Farid Imperator, alias Frédéric II, empereur des Romains  à qui l’on a fait le cadeau empoisonné, suite à la mort de ses parents, de la liberté.

« Comme Frédéric, pupille du pape, est intouchable, il prend le parti de le délaisser. Il lui fait l’infamant cadeau de la liberté (car personne n’en veut, à cette heure, et le mot lui-même ne fait rêver que les fous. ».

Il vit  en Sicile, à Palerme ville arabo-normande

« On y aimait tant les différences qu’on en inventait quand, faute de vent, il en venait moins ».

« Frédéric choisit ses maîtres parmi les Arabes et les Gréco-Syriens ; son appétit de connaissance les enchante, sa vivacité les émerveille ».

Il n’a que huit ans. Sa vie fut un long combat contre la papauté. Il a su

« conquérir la moitié du monde sans jamais tirer l’épée ».

Avec son armée et sa bande, il fonde, devant Palerme, au lieu d’un camp, une ville qu’il baptise « Victoria »

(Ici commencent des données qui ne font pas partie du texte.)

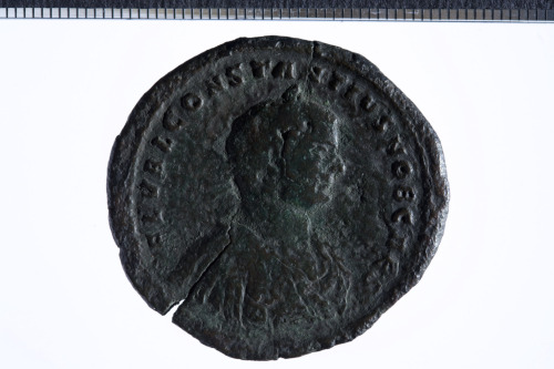 Busto laureato e drappeggiato di Costanzo a d.; contorno perlinato.

Frédéric, parti à la chasse, Victoria est détruite par les Parmesans. Basta ! « L’empire s’effondrera bientôt.

« Quelle importance ? Il n’était fait que d’un jeu d’écritures. »

Saut dans le dix-huitième Siècle.  Honoré Mirabel,  est un homme heureux, mais il ne s'appartient pas.

« Quand les branches des cerisiers sont lourdes de cerises, quand je vais boire mon pot de vin sur la Veaune, après la cueillette des azeroles, je suis heureux. »,

« Tout me plait en ce monde et il ne me va pas Je voudrais que tout change sans que rien ne se perde. »

valet de ferme, issu de serfs, il annonce qu’il a trouvé un trésor et… Que la fête commence. Il fera bombance sans débourser un liard, embobinera le bourgeois, pour finir aux galères.

« Au vrai, je n’ai pas volé grand-chose, mais je crois que j’ai fait pire à leurs yeux : j’ai blasphémé l’argent. »

Son comparse, Auquier sortira de prison, mais la leçon de Mirabel n’est pas perdue.

Pour la troisième nouvelle, je rencontre Miguel Samper, jeune espagnol qui va s’enrôler dans l’armée populaire combattre Franco, pour l’égalité (il y croyait) pour ne pas rester chez lui et risquer  de faire des saloperies comme

« Les vainqueurs se livraient aux saloperies. Et même les pauvres diables, pour peu qu’on leur ait donné un fragment de pouvoir. Alors, pour faire face au salaud que l’on porte en soi, pour étouffer le porc tout au fond de son ventre, mieux valait retourner au front, fusil contre fusil, ou la pelle à la main. Du moins, c’était encore ce que je croyais ».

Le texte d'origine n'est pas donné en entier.